> _PROBLEM STATEMENT_: Return only what runs from the line containing "The introduction resulted" through the last line of the entries below, exactly, omitting pictures.

(Saved entries)
Segment Open
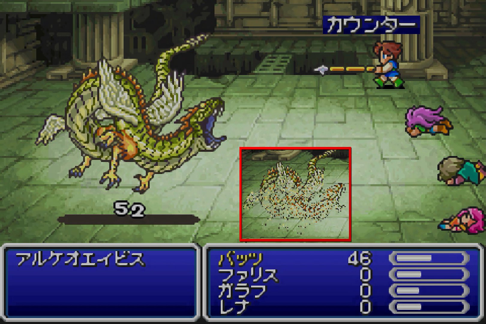 ――そして、頼みのカウンターですら、なかなか発動してくれない。敵は攻撃力も高いため、カウンター待ちの際は、「まもり」を使うことになる(よって、アビリティは、「まもり」「カウンター」で決定となり、「りょうてもち」などを使う余地が無くなる)。しかし、敵は、打撃以外にも、「ブレスウイング」と「スリップ」という特殊攻撃を持っている。ブレスウイングは、FF5恒例の「最大HPの1/4のダメージを与える全体攻撃」であり、カウンター対象にならないうえ、ダメージも無効化できないため、4発もらうと死ぬ。また、「スリップ」は、スリップの追加効果を持つ打撃であり、ダメージ部分は0にできてカウンターも可能なものの、追加効果を防げないため、スリップ状態によってすぐさま死ぬ。ちなみに、FF5のカウンターの発動率は「50%」であるという。本当…?
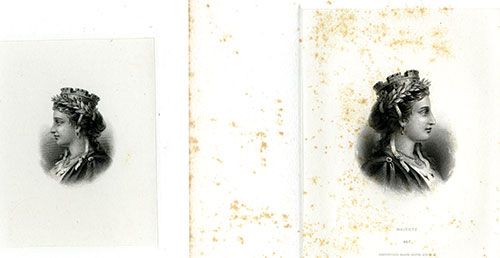 New York, 1879 and 1883, Lot of two Large Die Proofs of mirror images of “Majesty” portraits, both 6 x 9 inches, printed on india on large card, one was used on the Peru, 1879, 10 Soles, VF with foxing and the second was used on Haiti, 1883, 1 Gourde, AU condition, rare banknote vignettes for engraving comparison. ABNC. Both engraved by G.F.C. Smillie.
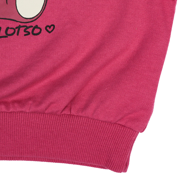 <商品サイズ> 80(身丈34・身幅36・肩幅36・袖丈21・裾幅27) 90(身丈36・身幅37・肩幅37・袖丈24.5・裾幅28) 95(身丈38・身幅38・肩幅38・袖丈26・裾幅29) <素材> 本体 綿100% リブ部分 綿95%ポリウレタン5%
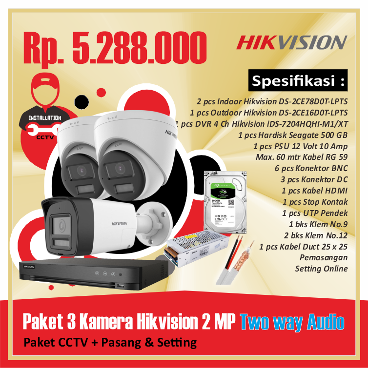 Paket 07 Kamera Hikvision 2 MP Two way AudioRp 11.115.000
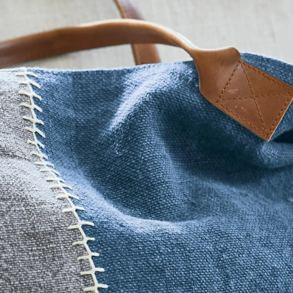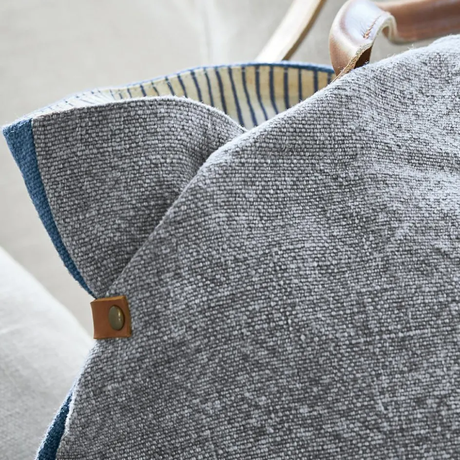 Ganz locker begleitet Sie diese Stofftasche durch den Tag und sieht dabei richtig gut aus: Der graublaue Kontrast ist ein reizvoller Eyecatcher. Genauso wie die helle Ziernaht, die der Tasche aus natürlicher Jute den angesagten Patchwork-Charakter verleiht. Mit einem Druckknopf lässt sich die Tasche schnell verschließen. Die großzügig bemessene Innentasche zeigt sich im Streifenlook und ist aus reiner Baumwolle. Praktisch: Im Innenbereich verbirgt sich ein zusätzliches Fach. Dort finden Autoschlüssel, Parkmünzen oder die Geldbörse ihren Platz. Der großzügig bemessene Innenraum macht die Tasche beim Einkaufsbummel zu einem charmanten Weggefährten. So ist der strapazierfähige Shopper aus robuster Jute auf allen Touren dabei. Besonders tragbar wird die Tasche dank seiner hochwertigen und stabilen Henkel aus Leder. Und falls Sie gerade im Urlaub sind: Einen Strandausflug hat sich das Schmuckstück nach einer ausgedehnten Shoppingtour durchaus verdient. Die Tasche ist auch dort in Top-Form.
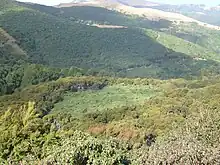 The introduction resulted in large spreading infestations over hundreds of hectares, peaking in the late 1940s. It was recognised as a threat as early as 1861 with the Provincial Council in Nelson passing an act to prevent the planting of gorse hedges.[3] The seed can lie dormant on the ground for up to 50 years, germinating quickly after the adults have been removed. Unfortunately, most methods of removing adult gorse plants, such as burning or bulldozing them, create the ideal conditions for the gorse seeds to germinate and total eradication with current technology seems impossible. Gorse is now one of the most widely recognised agricultural weeds in New Zealand. It covers 700,000 hectares (1,700,000 acres) at varying densities — a total of 5% of the land area of New Zealand when excluding existing indigenous forest, vegetated sub-alpine and alpine areas.[4] Gorse became New Zealand's most costly weed to control, an estimated $22 million per annum by the early 1980s.[5]
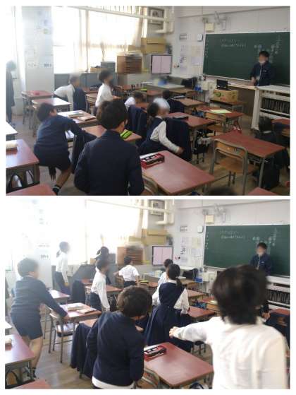 風邪等で体調を崩してしまっている児童もみられ、また雨で運動場が使えない・・・そんなときには、教室で体を動かそう!
Segment Closed
> _YOUR SOLUTION_:
 The introduction resulted in large spreading infestations over hundreds of hectares, peaking in the late 1940s. It was recognised as a threat as early as 1861 with the Provincial Council in Nelson passing an act to prevent the planting of gorse hedges.[3] The seed can lie dormant on the ground for up to 50 years, germinating quickly after the adults have been removed. Unfortunately, most methods of removing adult gorse plants, such as burning or bulldozing them, create the ideal conditions for the gorse seeds to germinate and total eradication with current technology seems impossible. Gorse is now one of the most widely recognised agricultural weeds in New Zealand. It covers 700,000 hectares (1,700,000 acres) at varying densities — a total of 5% of the land area of New Zealand when excluding existing indigenous forest, vegetated sub-alpine and alpine areas.[4] Gorse became New Zealand's most costly weed to control, an estimated $22 million per annum by the early 1980s.[5]
 風邪等で体調を崩してしまっている児童もみられ、また雨で運動場が使えない・・・そんなときには、教室で体を動かそう!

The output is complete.